Hi. I have another app that requests MFA after the user logs in using the Login trigger action flow.
But I have a different use case and would like to know whether I can request the user to do MFA at a later stage after they have successfully logged in and already have an access_token?
The Machine to Machine flow use case is not meant for users. So I’m not sure which Action Flow would I have to use in this case?
Did you figure it out? This seems like an essential feature but docs don’t bother to explain how.
How do we ask for MFA after they are already logged in? I don’t want to make them login again with loginWithRedirect.
Using getAccessTokenSilently with the same scopes that trigger MFA just has an error: “Multifactor authentication required”
Hi @kabelo and @dominic.tobias
Welcome to the Auth0 Community!
I am sorry about the delayed response to your inquiry!
Unfortunately, you are unable to invoke the MFA challenge outside of the authentication flow.
One way would be to invalidate the user’s session and prompt them for re-authentication, however, this seems to be unsuitable for your use cases.

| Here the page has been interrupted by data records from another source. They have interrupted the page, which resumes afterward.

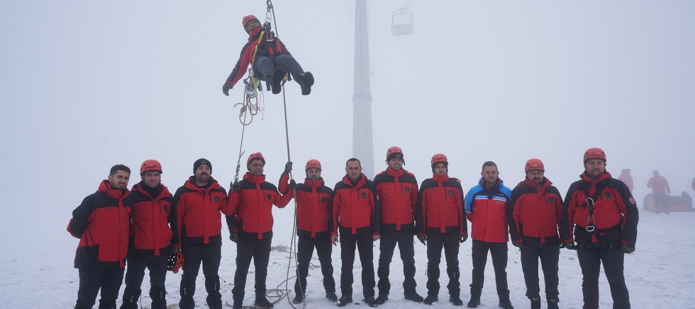 Büyükşehir Belediyesi İtfaiyesi, JAK, AFAD, 112 Acil Sağlık, UMKE, AKUT ve Yedikuyular Kayak Merkezi Kurtarma Ekibi iş birliğiyle gerçekleştirilen tatbikatta; senaryo gereği telesiyejde mahsur kalan vatandaşlar ekipler tarafından halatlar yardımıyla güvenli bir şekilde yere indirilerek sağlık ekiplerine teslim edildi.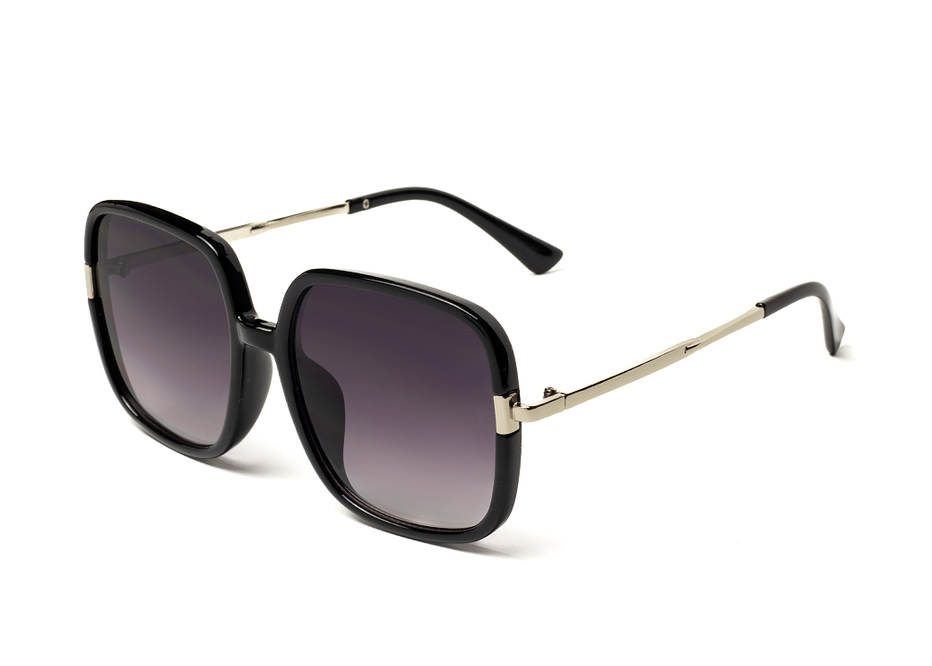 Duże,kwadratowe okulary przeciwsłoneczne w kolorze czarnym.Delikatny, metalowy zausznik.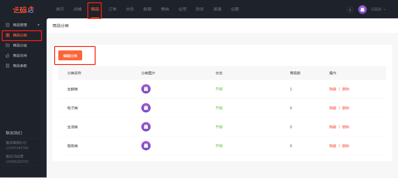 在添加商品之前需要先创建商品分类,首先点击商品,在点击商品分类,最后选择编辑分类,详情参见下图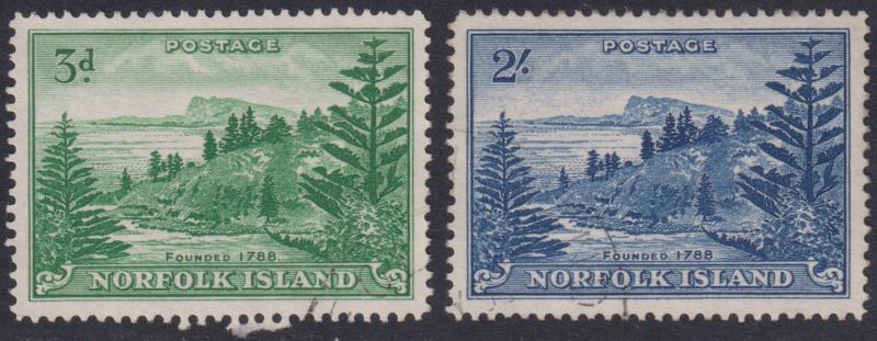 2461 U imageNorfolk 1959 3d emerald-green & 2/- deep blue Ball Bay. SG 6a, 12a. Cat £24. VFU. (Image)

Alternatively, you can use custom logic in order to implement Step-Up Authentication.
You could set specific user metadata in order for them to be prompted for MFA when accessing specific resources from your application.
Otherwise, without invoking the authentication flow, you cannot prompt for MFA after a specific period of time (every 60 minutes for example).
If you have any other questions, feel free to leave a reply or post again on the community!
Kind Regards,
Nik
This topic was automatically closed 14 days after the last reply. New replies are no longer allowed.